Vanderplas’s thesis is that scientific research is increasingly about the analytics of big data, and that “the skills required to be a successful scientific researcher are increasingly indistinguishable from the skills required to be successful in industry.” Moreover, “The unfortunate result is that some of the most promising upcoming researchers are finding no place for themselves in the academic community, while the for-profit world of industry stands by with deep pockets and open arms.”
Vanderplas proffers that “in a wide array of academic fields, the ability to effectively process data is superseding more classical modes of research.” The challenge for students working on their PhDs, accordingly, is to become computationally competent, just as the challenge for academia is to accommodate new-age analytics. To do so, academia must change its reward structure.

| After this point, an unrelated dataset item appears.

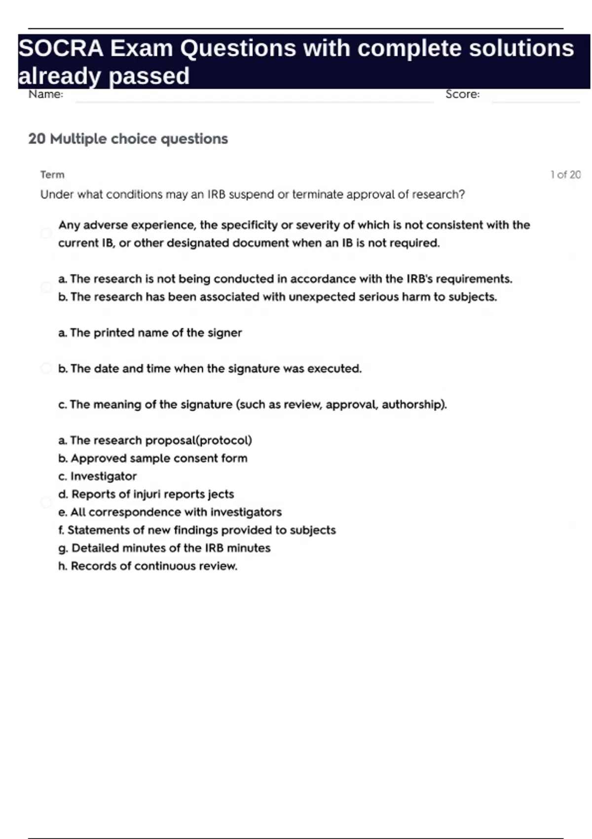 SOCRA Exam Questions with complete solutions already passed

The author proposes modifications to the academic career model consistent with the enhanced focus on big data and computation. He starts with an obsession on reproducibility whose point of departure is open, documented code. He then proposes changes to traditional tenure track evaluation criteria to include the development of cross-disciplinary scientific software tools. Vanderplas finally promotes an increase in post-doctoral fellowship pay, so that newly-minted PhDs are not easy prey for a business world increasingly turning to data science.
My take is that Vanderplas is spot on about the increasing use of big data sets and sophisticated computation in university research. It’s certainly true in the social sciences, my old stomping ground. Gary King, Professor of Government and Director of the Institute for Quantitative Social Science at Harvard, is comfortable tagging much of the institute’s current work as data science. And a group of prestigious academics has christened the term “computational social science” to connote the evolving big data methodology in their discipline. Not to mention the physical sciences, which are well ahead of their social science brethren in computation and big data analytics.

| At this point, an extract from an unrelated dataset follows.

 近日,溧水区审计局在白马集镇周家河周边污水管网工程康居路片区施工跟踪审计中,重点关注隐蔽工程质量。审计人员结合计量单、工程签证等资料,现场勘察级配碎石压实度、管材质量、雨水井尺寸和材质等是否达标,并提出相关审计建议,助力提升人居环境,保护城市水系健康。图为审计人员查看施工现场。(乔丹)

Inquidia’s 2013 college recruiting provides additional affirmation of the accelerating academic emphasis on big data and computation, much to our delight. Just four years ago, I voiced my frustration with the absence of computational skills in many of the students I met, even those with strong math and engineering backgrounds. I’d gladly trade a third year of mathematical analysis, I then mused, for semester courses in programming and numerical methods.
This year, however, almost everyone I spoke with had at least some programming and computation background, be it university or self-taught. And analytics was high on everyone’s ideal job description list, even those majoring in theoretical math, the physical sciences and engineering.
In addition, I interviewed several science PhD candidates who, confirming Vanderplas’s observations, developed computational skills doing research for their dissertations. These students became enamored with data and analytics, deciding to pursue data science work in the business world as a trade up from low-wage post-doc positions. Academia’s loss is the business world’s gain!
Not all are happy with the big data/computation direction of scientific research. Some traditionalists scoff at the “haphazard” data mining that’s seemingly supplanting the rigorous, top-down scientific method, in many cases replacing traditional statistical methods with “mindless” machine learning algorithms. Science is to be top-down and hypothesis-driven, not bottom-up mining.
I don’t buy it. Yes, the new methods often consist of big data set exploration. But with a solid collection design and rigorous cross-validation or train/tune/test data partitioning, the problems of overfitting models and making non-reproducible causal claims can be minimized. The “exploratory” findings can be subjected to more rigorous experimental or quasi-experimental testing in subsequent research. Today’s bottom-up is the foundation for tomorrow’s top-down.